In FIG. 5, the reference number “TH” indicates the horizontal synchronization period of the horizontal synchronization signal HSYNC (for example, including an enabling period (such as a low logic level) and a disabling period (such as a high logic level) of the horizontal synchronization signal HSYNC), the reference number “CLK” indicates the clock signal, the reference number “THDP” indicates horizontal display period of the horizontal synchronization signal HSYNC, the reference number “THFP” indicates that the horizontal front porch (HFP) of the horizontal synchronization signal HSYNC, and the reference number “THBP” indicates the horizontal back porch (HBP) of the horizontal synchronization signal.

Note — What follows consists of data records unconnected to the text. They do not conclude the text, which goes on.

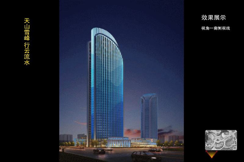 融商大廈作為烏魯木齊市超高層標(biāo)志性建筑的特性,以及高鐵新區(qū)的優(yōu)越地理位置,絕對(duì)的高度決定了其地標(biāo)、都市名片的責(zé)任,五星級(jí)酒店、高檔寫字樓等賦予設(shè)計(jì)大氣、高品質(zhì)的燈光定位。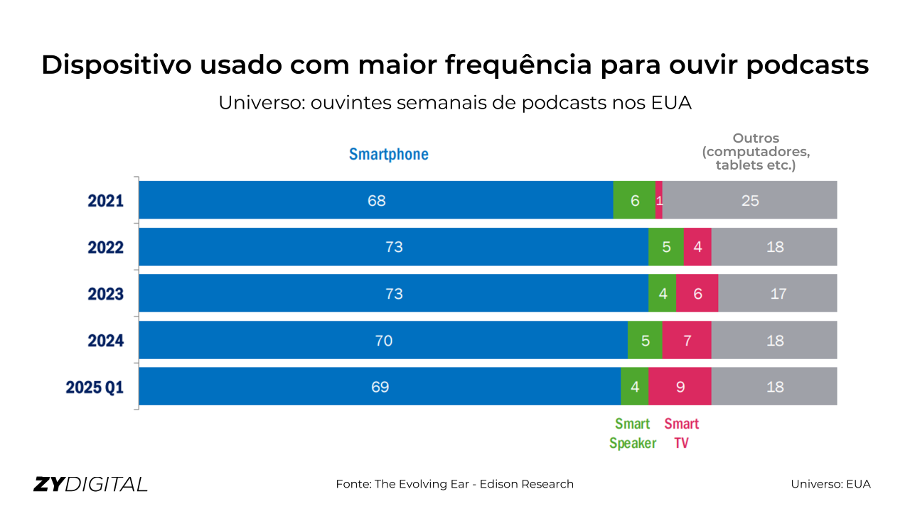 O podcasting está mudando o que se consome nas TVs nos lares americanos. Desde 2021, a fatia de consumidores de podcasts nos EUA que usam principalmente smart TVs para ouvir ou assistir aos episódios cresceu de 1% para 9%, superando o consumo via smart speakers que caiu, no mesmo período, de 6% para 4%.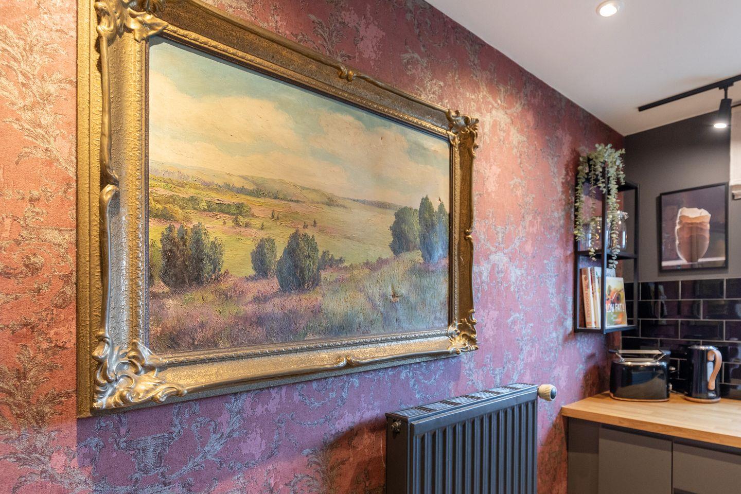Die geräumige Küche lässt keine Wünsche offen. Ausgestattet mit moderner Kaffeemaschine, Siebträgermaschine (DeLonghi) und einer Kaffeefiltermaschine, Espressomaschine, Wasserkocher, Ceranfeld, Backofen, Geschirrspülmaschine und großem Kühlschrank lädt sie zum gemeinsamen Kochen ein.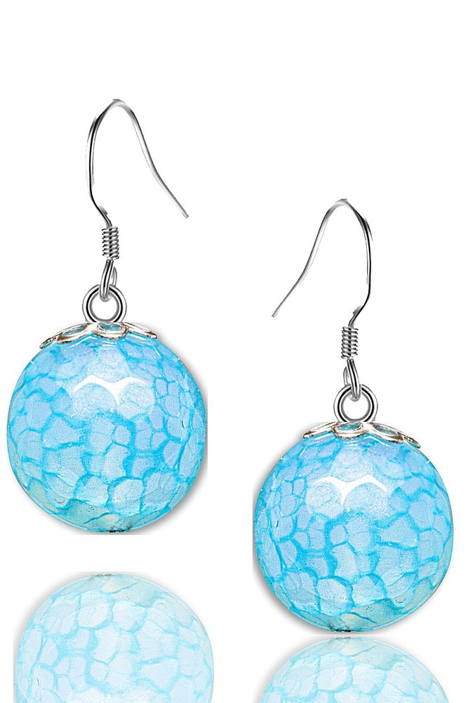 Sertifikalı Doğal Mavi Akik Taşı Gümüş Küpe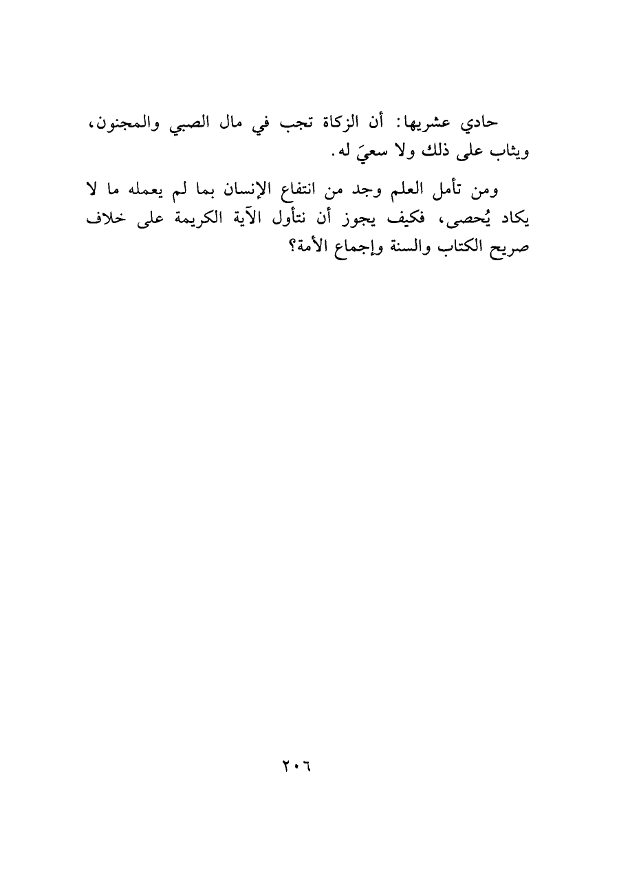 حادي عشريها: أن الزكاة تجب في مال الصبي والمجنون، ويثاب على ذلك ولا سعيَ له.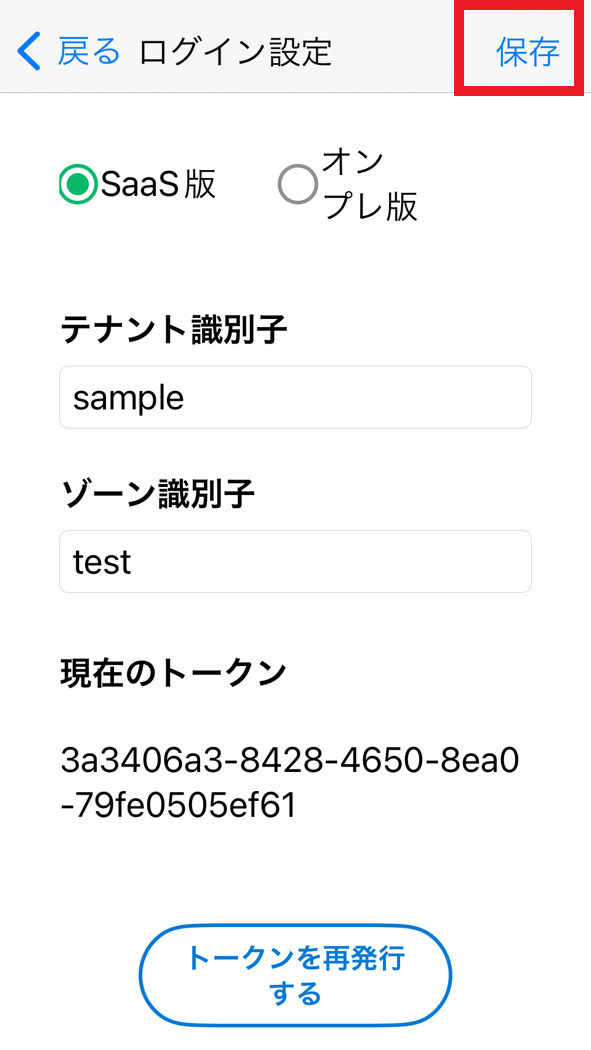 3.テナント識別子の入力後、画面右上の保存を押下することでアプリ版の初期設定は完了です。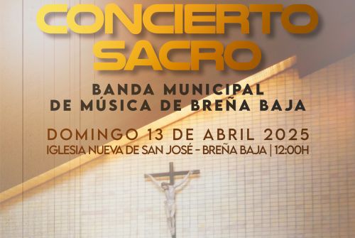 La Banda Municipal de Música de Breña Baja ofrecerá un Concierto Sacro de Semana Santa el Domingo de Ramos 13 de abril a las 12 hs en la Iglesia Nueva de San José, promovido por la Concejalía de Cultura del Ayuntamiento de Breña Baja, bajo la dirección musical de D. Pablo Arrocha Morales. Entrada gratuita.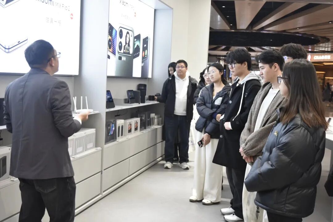 bat365官网师生首先抵达万象城小米体验店。孙振按产品品类,系统讲解了各类核心产品特点,涵盖小米系列手机、小爱音箱等智能设备,以及从个护产品到大家电的全品类生态,详细介绍了各产品线的技术亮点与创新优势。通过现场演示与细节解读,生动呈现了产品“科技普惠、极致性价比”的品牌理念,让师生们沉浸式感受了小米在消费电子领域的创新实力与市场竞争力,对智能科技行业的发展趋势有了更直观的认知。随后,他分享了企业优势。小米股价表现亮眼,深受资本市场看好,核心原因在于其坚守“让每位中国消费者都享有科技选择权”的理念,产品定位覆盖不同收入群体,不抛弃每一位奋斗者。小米海外业务已拓展至多个地区,海外派驻拥有显著薪资优势,内部“人才活水”机制更为员工提供了多元发展机会。

In some embodiments, it is assumed that the resolution of the display device 110 is 900*600, wherein each of the horizontal line signals may include 900 pixels, the control module 150 may averagely assign 900 pixels to the register 141_1, the register 141_2 and the register 141_3, i.e., each of the register 141_1, the register 141_2 and the register 141_3 includes 300 pixels, as shown in FIG. 3. In addition, the 900 pixels included in the register 141_1, the register 141_2 and the register 141_3 correspond to, for example, the horizontal display period THDP of the horizontal synchronization signal HSYNC shown in FIG. 5.


In some embodiments, it is assumed that the resolution of the display device 110 is 2048*1024, wherein each of the horizontal line signals may include 2048 pixels, the control module 150 may averagely assign 2048 pixels to the register 141_1, the register 141_2, the register 141_3 and the register 141_4, i.e., each of the register 141_1, the register 141_2, the register 141_3 and the register 141_4 includes 512 pixels, as shown in 4. In addition, the 2048 pixels included in the register 141_1, the register 141_2, the register 141_3 and the register 141_4 correspond to, for example, the horizontal display period THDP of the horizontal synchronization signal HSYNC shown in FIG. 5.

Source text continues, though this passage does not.